I don't think tim O'Reilly's really on track but then he's got Google and Amazon pouring billions into his coffers with Google Hacks books and the like, as if he's going to "dis' ether of those companies..


So, are you saying that the API offers very little value?


no, and you know that's not what I'm saying. What I actually said was that it's not giving back to the "open source community".

I love API's, I live buy them - you do, we all do, English is almost an API for communication between other lanugages for goodness sake.

I just don't see a propriatary API being even close to being considered "giving back to open source".

Now if say Google offered up their clustering additons to the GNU/HURD/Linux stuff, then yea, that's giving back, if they provided all the updates they have made to the Linux kernel to handle BIG MEMORY of terrabytes of distributed RAM, or their scary network additions to the kernel, their virtual distributed filesystem, which they offered a white paper on but forgot to attach the code they stole from open source in the first place with the updates!!

Now that would be giving back.

But they they are not alone, Linksys, oh it's a long list if you get into it.


I am really glad it exists. There are plenty of uses for it, and it is a novel approach. IMHO, all open source is self serving, that is its strength, that there is more to gain from co-operation than from opposition. rather than pay a third party to create cludgy, unknown products, keep it all open, and let everyone have access to exactly what they get.

I never implied there wasn't a billion things you could do with it, 4.x billion if you're to beleive the google home page ( yea right ).

But that's not the point I made.

If you use open source, which Google do, extensively 99% of what they do is build on Open source except for the search layer, then you really should be giving back in some way, funding, sponsoring, employing coders, handing code back, all that jazz.

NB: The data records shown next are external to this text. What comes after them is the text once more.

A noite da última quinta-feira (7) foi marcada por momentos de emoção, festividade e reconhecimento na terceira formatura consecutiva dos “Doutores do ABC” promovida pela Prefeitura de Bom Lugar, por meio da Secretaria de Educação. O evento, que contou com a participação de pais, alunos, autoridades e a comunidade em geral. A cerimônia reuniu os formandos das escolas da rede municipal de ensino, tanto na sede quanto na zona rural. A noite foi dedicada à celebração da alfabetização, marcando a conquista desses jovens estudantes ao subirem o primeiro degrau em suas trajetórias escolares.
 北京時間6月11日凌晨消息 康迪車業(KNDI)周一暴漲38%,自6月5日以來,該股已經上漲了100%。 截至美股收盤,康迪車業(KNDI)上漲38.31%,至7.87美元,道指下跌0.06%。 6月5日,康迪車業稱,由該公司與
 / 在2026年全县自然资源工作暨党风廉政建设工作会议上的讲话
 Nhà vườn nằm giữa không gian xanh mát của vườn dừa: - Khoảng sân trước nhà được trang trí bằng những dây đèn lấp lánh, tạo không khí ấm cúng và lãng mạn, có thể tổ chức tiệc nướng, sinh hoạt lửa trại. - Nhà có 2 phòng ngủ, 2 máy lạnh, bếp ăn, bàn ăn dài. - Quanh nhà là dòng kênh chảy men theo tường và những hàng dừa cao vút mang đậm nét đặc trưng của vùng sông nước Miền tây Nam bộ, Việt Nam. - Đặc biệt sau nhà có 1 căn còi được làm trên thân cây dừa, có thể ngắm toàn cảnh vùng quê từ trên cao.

I can't find a single thing that Google has done to get behind the open source foundations that they have built their engine on such as Linux etc, anywhere.

But enough about Google, FAST, Altavista, Inktomi, ****, they all do it, they all rave about open source, but who's really getting behind it with their hands in their pockets..

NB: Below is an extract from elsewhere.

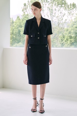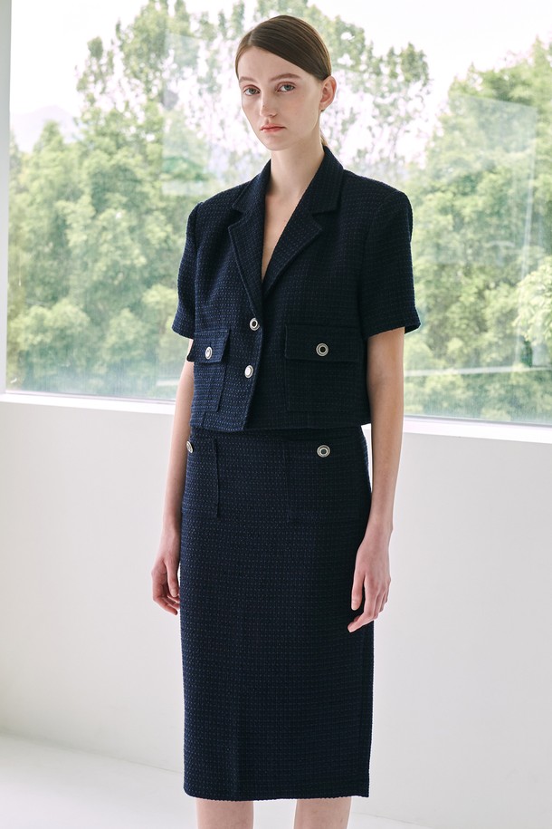 트위드 포켓 스커트 - 딥 네이비 / Tweed Pocket Skirt - Deep Navy

Not enough of us sadly.. but that won't kill it..

So hey, go run up Linux, Tomcat, Apache, IBM's JRE ( it's faster ), then install Nutch, and suck some URL's down, index, and have a play..

And report back in 24 hours, and let's see what you think.

Dez 2.0

ps: this post got out of hand didn't it.. sorry kids!

ihelpyou
26-07-2004, 18:11/06:11PM
Yes it did. Tone it down.

Also; Please keep politics out of here. Funny thing though, millions want to come to the US to live and millions do come every year.

And no, don't reply to this at all. You made a comment... I rebutted. Leave it at that. If you do reply back, it will be deleted.

Dez
26-07-2004, 18:20/06:20PM
Originally posted by ihelpyou
Yes it did. Tone it down.

Also; Please keep politics out of here. Funny thing though, millions want to come to the US to live and millions do come every year.

And no, don't reply to this at all. You made a comment... I rebutted. Leave it at that. If you do reply back, it will be deleted.

and you said to keep politics out of this? * girn *

surely you can't make a throw away statement like that and not expect a rebuttal? And keep that finger off the DELETE button * ducks for cover *

tsk tsk..

Dez 2.0

Dez
26-07-2004, 18:21/06:21PM
Originally posted by ihelpyou
Yes it did. Tone it down.

Also; Please keep politics out of here. Funny thing though, millions want to come to the US to live and millions do come every year.

And no, don't reply to this at all. You made a comment... I rebutted. Leave it at that. If you do reply back, it will be deleted.


don't you have a thing about free speach over there by they way?

Dez 2.0

ps: we get our share of in bound human traffic too here in Australia.